Michael Whouley is an American Democratic Party political consultant who specializes in get out the vote operations. Whouley is President of the Dewey Square Group, a consulting firm that works for both political and corporate clients as lobbyists and campaign strategists.

Whouley, who spent his childhood and launched his career in the Dorchester section of Boston, Massachusetts, was a key strategist for Bill Clinton, serving as his field director during the 1992 election. Following Clinton's inauguration, Whouley became a lobbyist on behalf of pro-North American Free Trade Agreement (NAFTA) interests. During the 1996 election, Whouley served as director of Vice Presidential operations.

Whouley was a key strategist for both Al Gore in 2000 and John Kerry in 2004. Whouley helped jumpstart both Gore's and Kerry's comeback in the presidential primaries after they came close to being overtaken by Bill Bradley and Howard Dean respectively.
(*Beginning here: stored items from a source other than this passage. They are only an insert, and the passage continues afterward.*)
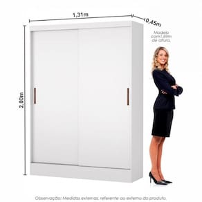Guarda-roupa Belem 2 Portas De Correr 2 Gavetas Branco O Guarda-Roupa Belem 2 Portas 2 gavetas e ideal para otimizar o espaco do ambiente e deixar tudo organizado. Com Puxador em Madeira, possui 3 prateleiras interna, 2 portas correr, 2 gavetas internas com corredicas metalicas alem de amplo espaco para os cabideiros. Possui pintura UV, que oferece ao produto resistencia e durabilidade. Dimensoes do Produto Montado: Altura: 200 cm Largura: 131cm Profundidade: 45 cm
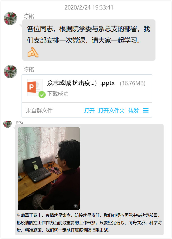 黨課之后,支部黨員還就今天觀看的復(fù)旦大學(xué)“新冠肺炎防控第一課”進(jìn)行了熱烈的討論,黨員們紛紛表示,通過學(xué)習(xí)張文宏和吳凡老師精彩課程之后,更進(jìn)一步了解“新冠肺炎”,也更能充分認(rèn)識到當(dāng)前疫情防控工作的重要性。針對校園疫情防控工作,作為一名黨員,我們更應(yīng)該科學(xué)地、積極的引導(dǎo)學(xué)生全面學(xué)習(xí)疫情防控知識,積極的投入到疫情防控突擊隊(duì)的各項(xiàng)工作中!
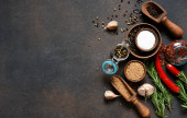 Zdjęcie "Miniaturowe patelnie z przyprawami, solą, czarnym pieprzem i pachnącym pieprzem, gałązka rozmarynu na czarnym stole. Przyprawy do gotowania" może być wykorzystywane do celów osobistych i komercyjnych zgodnie z warunkami zakupionej licencji Royalty-free. Obraz jest dostępny do pobrania w jakości wysokiej rozdzielczości do 5760x3840.
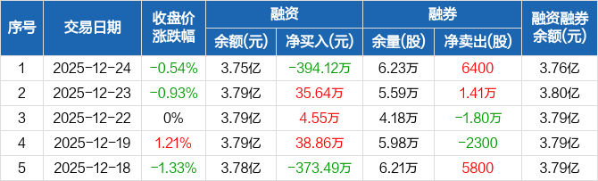 万邦达:融资净偿还394.12万元,融资余额3.75亿元(12-24)
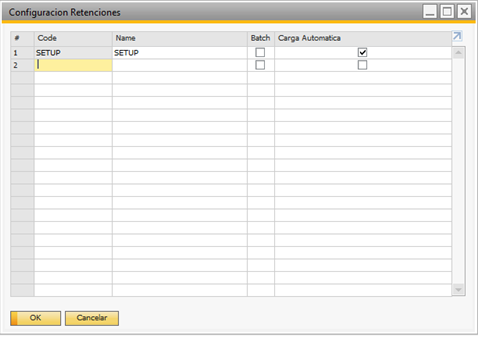 Los valores de los campos Code y Name vendrán por defecto una vez se cargue el AddIn Retenciones, seleccione el campo carga automática si desea calcular las retenciones en la factura automáticamente, seleccione el campo Batch si desea calcular las retenciones masivamente a través de un batch de documentos.

Whouley is regarded as one of the Democratic Party's best field strategists and as a result has earned the nickname "The Wizard". Despite this, he is fairly reclusive and very rarely does media interviews. He avoids reporters as much as possible.

Mark Halperin of Time reported on December 14, 2007, that Michael Whouley had been working for Senator Hillary Clinton's Iowa campaign for several weeks. Whouley also ran Clinton's New Hampshire operation in January 2008.

==In film==
Comedian/actor Denis Leary portrayed Whouley in the 2008 HBO movie Recount.
 Whouley objected to his character's swearing in the film as well as a scene in which he breaks a chair.